A guide to intermediate awk scripting

Learn how to structure commands into executable scripts.

This article explores awk's capabilities, which are easier to use now that you know how to structure your command into an executable script.

Logical operators and conditionals

You can use the logical operators and (written &&) and or (written ||) to add specificity to your conditionals.

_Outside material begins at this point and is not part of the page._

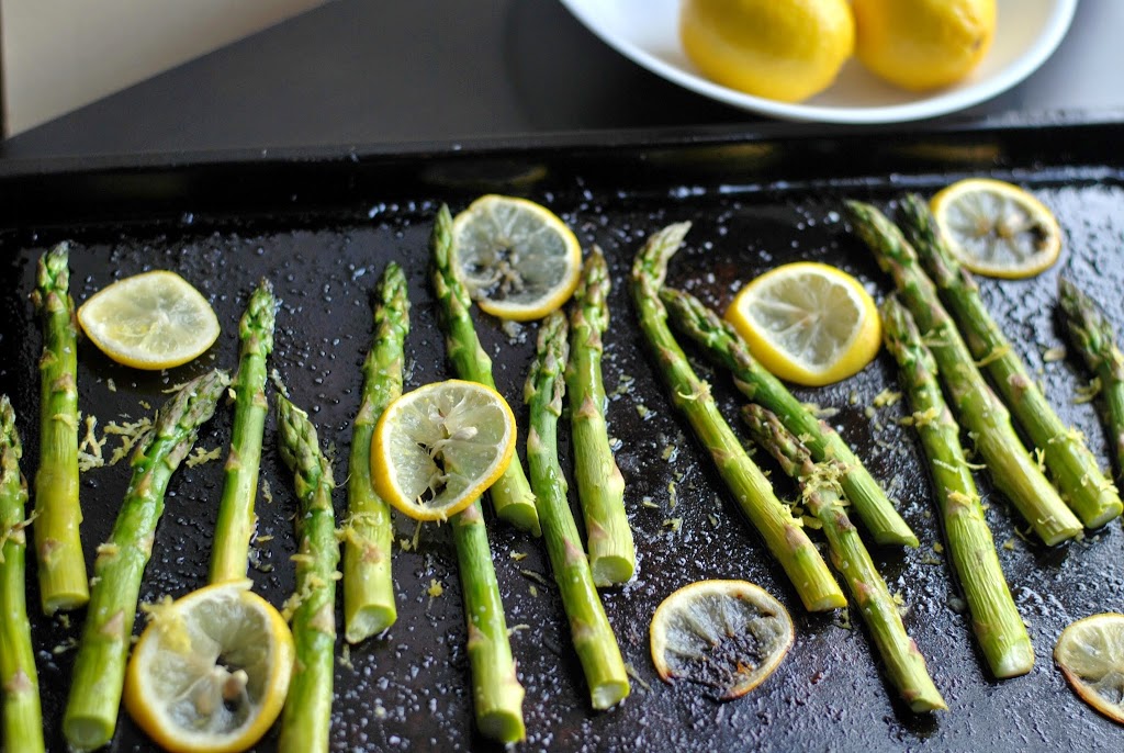 Precalentar el horno a 350 grados. Rompe el tallo leñoso de los espárragos. Espolvorea una sartén con pam y coloca los espárragos en la sartén de la misma manera. Coloque los limones en rodajas finas alrededor de los espárragos. Rocíe con aceite de oliva y coloque en el horno con las puntas florales hacia usted para que las otras puntas estén en la parte posterior y más caliente del horno. Cocine por 15 minutos o hasta que desee. (Nos gusta mucho nuestro traje) Retirar del horno y exprimir el jugo del segundo limón por todas partes. Espolvorea con la ralladura, la sal de ajo y la pimienta blanca. servir inmediatamente

For example, to select and print only records with the string "purple" in the second column and an amount less than five in the third column:

$2 == "purple" && $3 < 5 {print $1}

If a record has "purple" in column two but a value greater than or equal to 5 in column three, then it is not selected. Similarly, if a record matches column three's requirement but lacks "purple" in column two, it is also not selected.

Next command

Say you want to select every record in your file where the amount is greater than or equal to eight and print a matching record with two asterisks (**). You also want to flag every record with a value between five (inclusive) and eight with only one asterisk (*). There are a few ways to do this, and one way is to use the next command to instruct awk that after it takes an action, it should stop scanning and proceed to the next record.

Here's an example:

NR == 1 {
  print $0;
  next;
}

$3 >= 8 {
  printf "%s\t%s\n", $0, "**";
  next;
}

$3 >= 5 {
  printf "%s\t%s\n", $0, "*";
  next;
}

$3 < 5 {
  print $0;
}

BEGIN command

The BEGIN command lets you print and set variables before awk starts scanning a text file. For instance, you can set the input and output field separators inside your awk script by defining them in a BEGIN statement. This example adapts the simple script from the previous article for a file with fields delimited by commas instead of whitespace:

#!/usr/bin/awk -f
#
# Print each record EXCEPT
# IF the first record contains "raspberry", 
# THEN replace "red" with "pi"

BEGIN {
	FS=",";
}

$1 == "raspberry" {
	gsub(/red/,"pi")
}

END command

The END command, like BEGIN, allows you to perform actions in awk after it completes its scan through the text file you are processing. If you want to print cumulative results of some value in all records, you can do that only after all records have been scanned and processed.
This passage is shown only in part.